→ Your goal
Repeat exactly the lines of the records below, starting at the line containing "Кульминацией вечера стало" and ending at the line containing "오키나와서 고체카레 쓸어와 온갖냉장고 채소들 넣고 만들어먹죠.". Leave the pictures out.

→ Given information
Segment Open

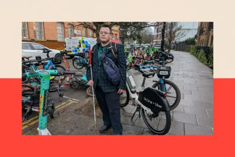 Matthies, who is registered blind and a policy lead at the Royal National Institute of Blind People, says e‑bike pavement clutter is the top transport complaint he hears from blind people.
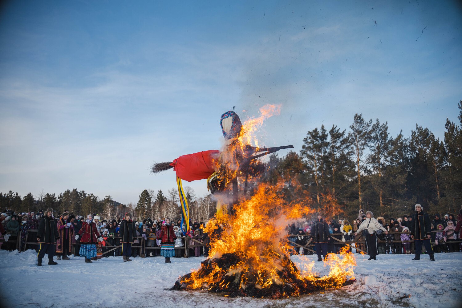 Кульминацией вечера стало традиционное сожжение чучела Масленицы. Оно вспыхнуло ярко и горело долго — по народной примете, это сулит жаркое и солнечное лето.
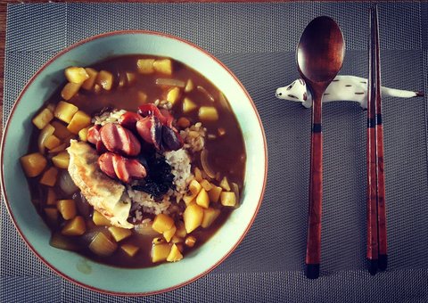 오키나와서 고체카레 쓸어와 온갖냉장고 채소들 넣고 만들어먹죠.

Segment Closed
Segment Open

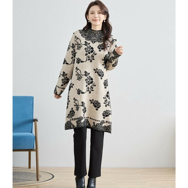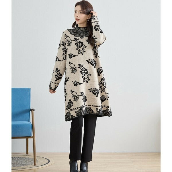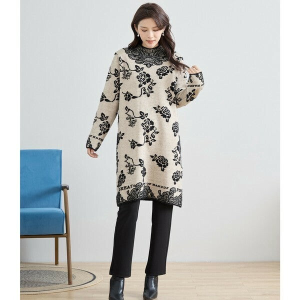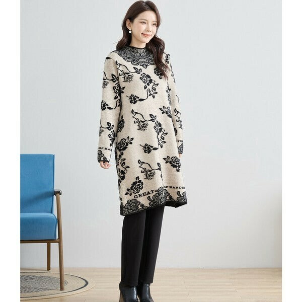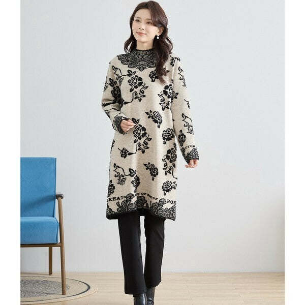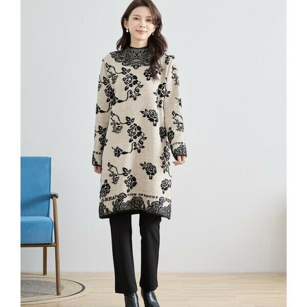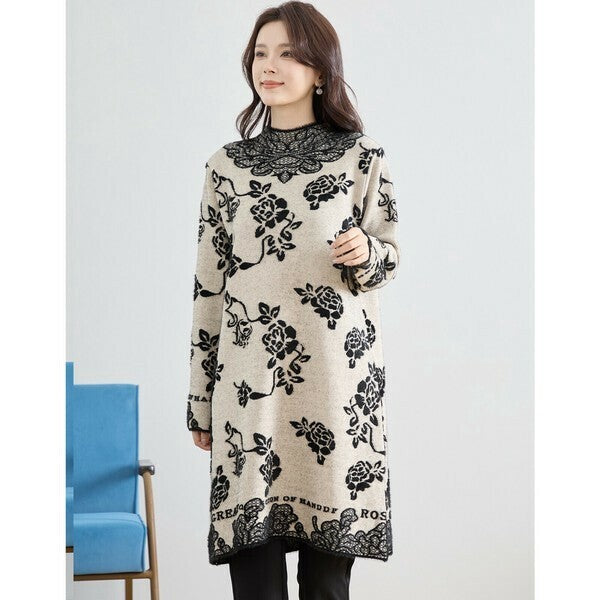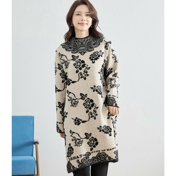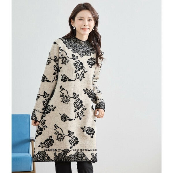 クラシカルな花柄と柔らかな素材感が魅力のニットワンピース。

Segment Closed

→ Response to the task
 Кульминацией вечера стало традиционное сожжение чучела Масленицы. Оно вспыхнуло ярко и горело долго — по народной примете, это сулит жаркое и солнечное лето.
 오키나와서 고체카레 쓸어와 온갖냉장고 채소들 넣고 만들어먹죠.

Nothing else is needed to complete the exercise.